→ **EXERCISE DESCRIPTION**:
Go through the entries and transcribe each one exactly, dropping the pictures.

Data excerpts:

+-------+

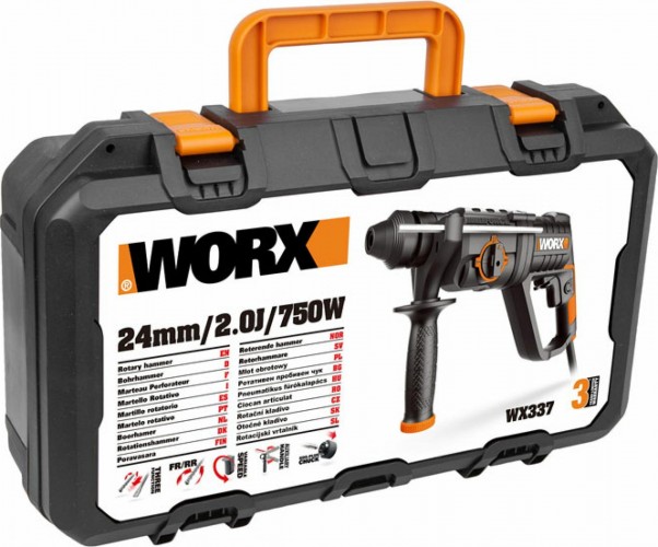 WORX WX337 – это мощный сетевой перфоратор с щеточным электродвигателем 750Вт и универсальным патроном SDS-PLUS 24мм. Мощный и надежный сетевой перфоратор отлично подходит для бытового и профессионального использования. Для удобства хранения и транспортировки, в комплект поставки включен пластиковый кейс.
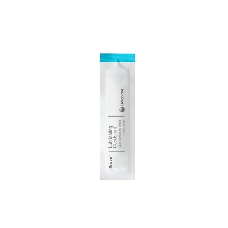 Brava Deodorante lubrificante maschera gli odori e garantisce che il contenuto rimanga sempre sul fondo della sacca e non attorno allo stoma. Inoltre, rende più facile svuotare la sacca. La bustina monouso è comoda da usare quando si è fuori casa o in viaggio.
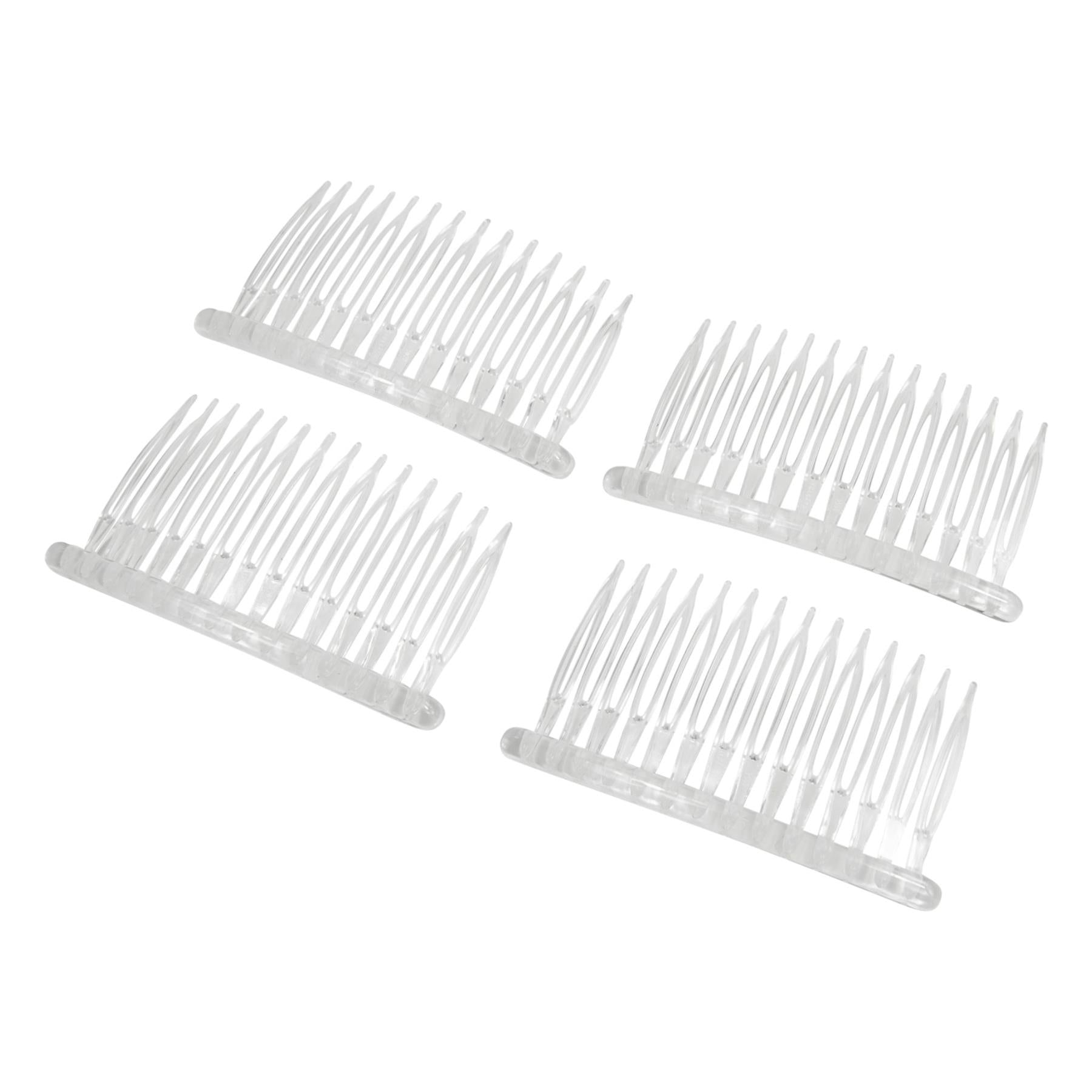 One split tooth plastic comb with raised edge ideal for fixing items to without interfering with the function of the comb. For sewing to fascinators or hats. Length: 75mm, Width: 45mm
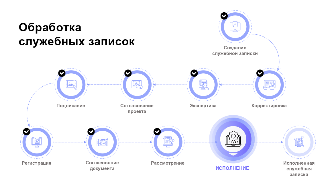В случае, если рассматривающим или сотрудником, которому было делегировано создание/исполнение было создано, то служебная записка переходит в статус «Исполнение» и находится в нем до исполнения всех поручений. Если поручение отменено, то служебная записка перейдет в статус «Аннулирована». Затем, служебная записка перейдет в статус «Исполнено».
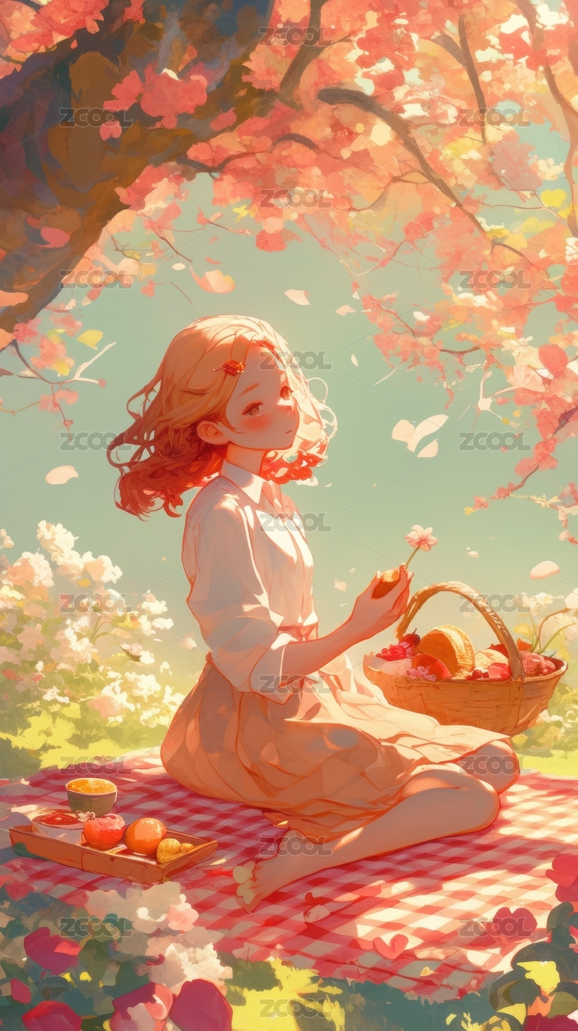 樱花树下少女野餐
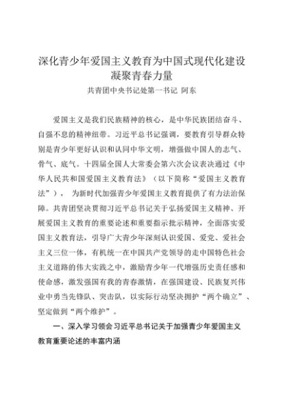 署名文章:20240229深化青少年爱国主义教育为中国式现代化建设凝聚青春力量——共青团中央书记处第一书记 阿东
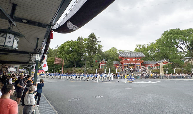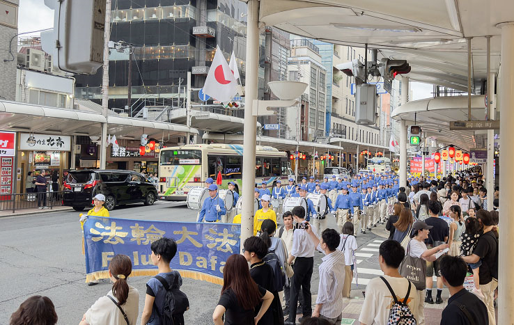 Predvođen orkestrom Tian Guo Marching Band, marš u Kjotu počeo je u 15 časova, 15. jula. Polazna tačka je bila kod mosta Oike Ohashi i prošla je pored svetilišta Iasaka, Maruiama parka, Giona i glavnih ulica u okolini. Mnogi ljudi su pročitali informacije na banerima, a neki su rekli da im se dopadaju principi Istinitosti-Bagosti-Trpeljivosti.
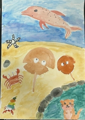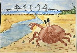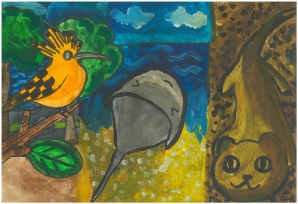我想用這幅畫來表現金門的特色動物:戴勝、鱟和水獺。這三種動物代表金門特別的生態,也是金門的特色。...
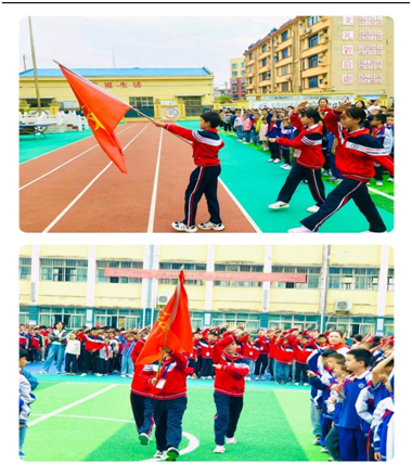 大隊委員會宣讀組建二年級少先隊組織決定及新隊員名單。老隊員們鄭重地為新隊員們佩戴上鮮艷的紅領巾,新隊員們高舉右拳,跟隨大隊輔導員張月老師進行莊嚴的宣誓和呼號。學校少工委委員為新建中隊授中隊旗,并為中隊輔導員頒發(fā)聘書。一面面中隊旗代表著紅色的火種已經(jīng)播撒,未來使命已重任在肩!
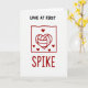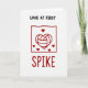 This sports greeting card features a white background with a red heart designed like a volleyball, complete with curved panel lines in the center. A hand-drawn-looking red rectangular frame surrounds the heart, and a few small solid red hearts sit around it inside the frame. The main heart looks smooth and balanced, giving the design a warm, sporty feel. At the top, the text “LOVE AT FIRST” appears in black, all-caps block letters. Near the bottom, the word “SPIKE” is printed larger in red, also in all-caps, and it stands out as the strongest line of text. The simple red, black, and white color scheme keeps the message clear and easy to read, while tying romance and volleyball together ❤️
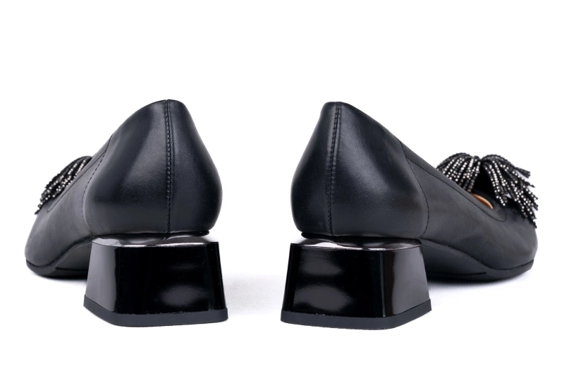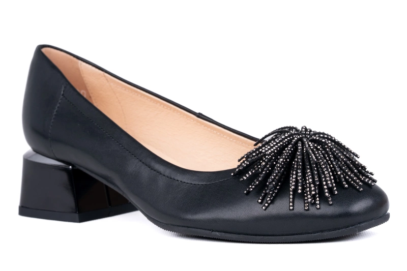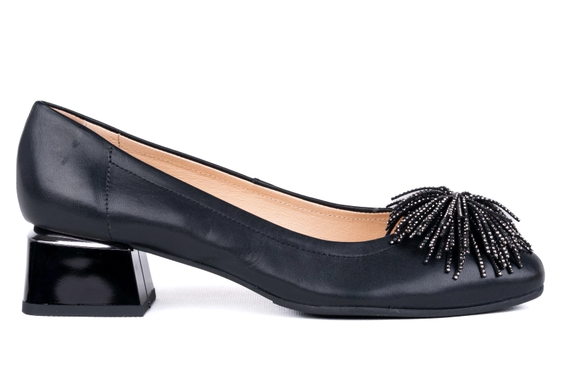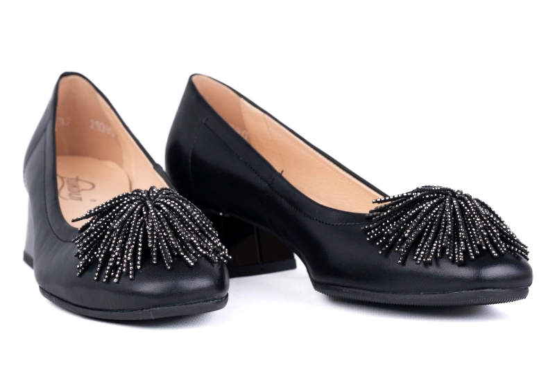 Wyjątkowego uroku dodaje tym czółenkom ozdoba na kształt pomponika z błyszczącymi elementami, umieszczona na wysokości łączenia cholewki z obcasem. Subtelnie połyskujące detale sprawiają, że buty prezentują się ślicznie i delikatnie, podkreślając kobiecy charakter całego modelu. Dzięki swojej prostocie i elegancji czółenka te stanowią idealne uzupełnienie zarówno klasycznych, jak i nowoczesnych stylizacji – świetnie wyglądają do sukienki, spódnicy czy eleganckich spodni.
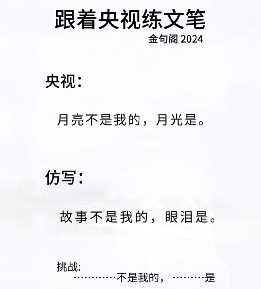 I particularly like your “文章不是我的,流量是” and the reverse ones like “收获不是我的,付出是.” They are very poignant and capture a lot of modern sentiments. Keep up the great creative thinking! What other challenges would you like to explore?

+-------+

→ **WRITTEN SOLUTION**:
 WORX WX337 – это мощный сетевой перфоратор с щеточным электродвигателем 750Вт и универсальным патроном SDS-PLUS 24мм. Мощный и надежный сетевой перфоратор отлично подходит для бытового и профессионального использования. Для удобства хранения и транспортировки, в комплект поставки включен пластиковый кейс.
 Brava Deodorante lubrificante maschera gli odori e garantisce che il contenuto rimanga sempre sul fondo della sacca e non attorno allo stoma. Inoltre, rende più facile svuotare la sacca. La bustina monouso è comoda da usare quando si è fuori casa o in viaggio.
 One split tooth plastic comb with raised edge ideal for fixing items to without interfering with the function of the comb. For sewing to fascinators or hats. Length: 75mm, Width: 45mm
В случае, если рассматривающим или сотрудником, которому было делегировано создание/исполнение было создано, то служебная записка переходит в статус «Исполнение» и находится в нем до исполнения всех поручений. Если поручение отменено, то служебная записка перейдет в статус «Аннулирована». Затем, служебная записка перейдет в статус «Исполнено».
 樱花树下少女野餐
 署名文章:20240229深化青少年爱国主义教育为中国式现代化建设凝聚青春力量——共青团中央书记处第一书记 阿东
 Predvođen orkestrom Tian Guo Marching Band, marš u Kjotu počeo je u 15 časova, 15. jula. Polazna tačka je bila kod mosta Oike Ohashi i prošla je pored svetilišta Iasaka, Maruiama parka, Giona i glavnih ulica u okolini. Mnogi ljudi su pročitali informacije na banerima, a neki su rekli da im se dopadaju principi Istinitosti-Bagosti-Trpeljivosti.
我想用這幅畫來表現金門的特色動物:戴勝、鱟和水獺。這三種動物代表金門特別的生態,也是金門的特色。...
 大隊委員會宣讀組建二年級少先隊組織決定及新隊員名單。老隊員們鄭重地為新隊員們佩戴上鮮艷的紅領巾,新隊員們高舉右拳,跟隨大隊輔導員張月老師進行莊嚴的宣誓和呼號。學校少工委委員為新建中隊授中隊旗,并為中隊輔導員頒發(fā)聘書。一面面中隊旗代表著紅色的火種已經(jīng)播撒,未來使命已重任在肩!
 This sports greeting card features a white background with a red heart designed like a volleyball, complete with curved panel lines in the center. A hand-drawn-looking red rectangular frame surrounds the heart, and a few small solid red hearts sit around it inside the frame. The main heart looks smooth and balanced, giving the design a warm, sporty feel. At the top, the text “LOVE AT FIRST” appears in black, all-caps block letters. Near the bottom, the word “SPIKE” is printed larger in red, also in all-caps, and it stands out as the strongest line of text. The simple red, black, and white color scheme keeps the message clear and easy to read, while tying romance and volleyball together ❤️
 Wyjątkowego uroku dodaje tym czółenkom ozdoba na kształt pomponika z błyszczącymi elementami, umieszczona na wysokości łączenia cholewki z obcasem. Subtelnie połyskujące detale sprawiają, że buty prezentują się ślicznie i delikatnie, podkreślając kobiecy charakter całego modelu. Dzięki swojej prostocie i elegancji czółenka te stanowią idealne uzupełnienie zarówno klasycznych, jak i nowoczesnych stylizacji – świetnie wyglądają do sukienki, spódnicy czy eleganckich spodni.
 I particularly like your “文章不是我的,流量是” and the reverse ones like “收获不是我的,付出是.” They are very poignant and capture a lot of modern sentiments. Keep up the great creative thinking! What other challenges would you like to explore?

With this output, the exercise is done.